This piece was first published as “How Russia’s Adoption Ban Hurts Jews” on The Sisterhood blog at The Forward.
On December 28, Russia legally banned the adoption of Russian children by U.S. citizens. President Vladimir Putin signed the controversial legislation (which takes effect on January 1, 2012) following its approval by the upper house of the Russian parliament earlier last week.
The ban is part of a package of retaliatory measures against the Magnitsky Law, American legislation aimed at punishing Russian human rights violators. The Kremlin has also cited the deaths of 19 Russian children due to abuse by their American adoptive parents as a reason for the ban.
Russia is the third most common source of international adoptions for Americans, following China and Ethiopia. However, the U.S. is the largest single foreign destination for Russian orphans. Approximately 1,000 Russian children have been adopted by Americans annually in recent years. Around 70,000 have been adopted by U.S. citizens since the fall of the Soviet Union.

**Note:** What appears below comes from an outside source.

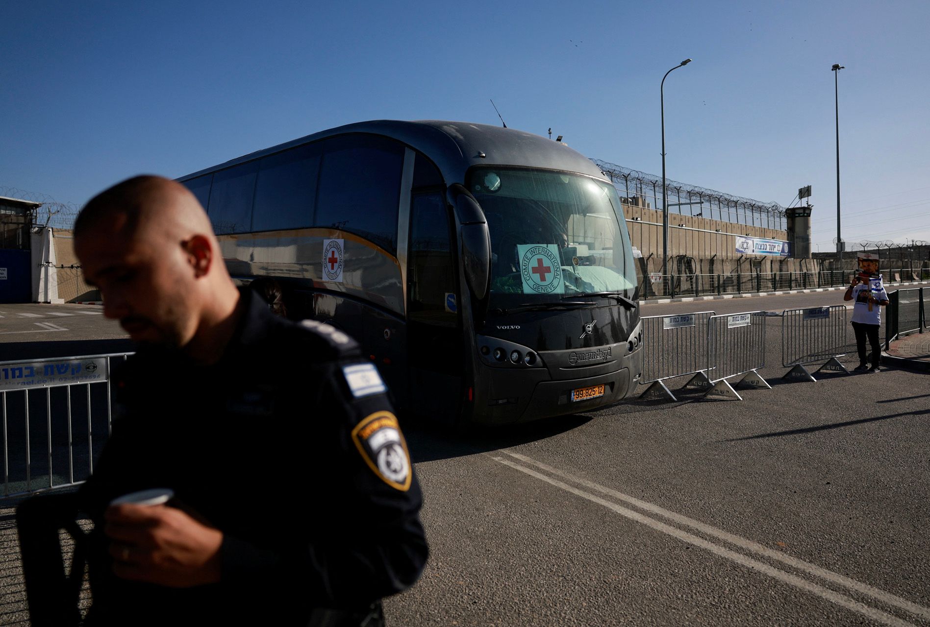 Ammar Awad / Reuters / Scanpix / LETA Автобус Красного Креста возле военной тюрьмы Офер на Западном берегу Иордана — на нем привезли палестинских заключенных, которые будут освобождены в рамках соглашения Израиля и ХАМАС. 24 ноября 2023 года

It is unclear how many of those 70,000 children went to Jewish families. Seventeen percent of the 750 Jewish American adoptive families who responded to a survey conducted by the Adoption and Jewish Identity Project adopted children from Russian from 1990 through 2011. However, Dr. Jayne Guberman, the project’s co-director warned, “The survey respondents are not necessarily representative of the entire American Jewish population. For example, they are probably more highly Jewishly identified since they were interested in and willing to take the time to complete a long and complex survey.”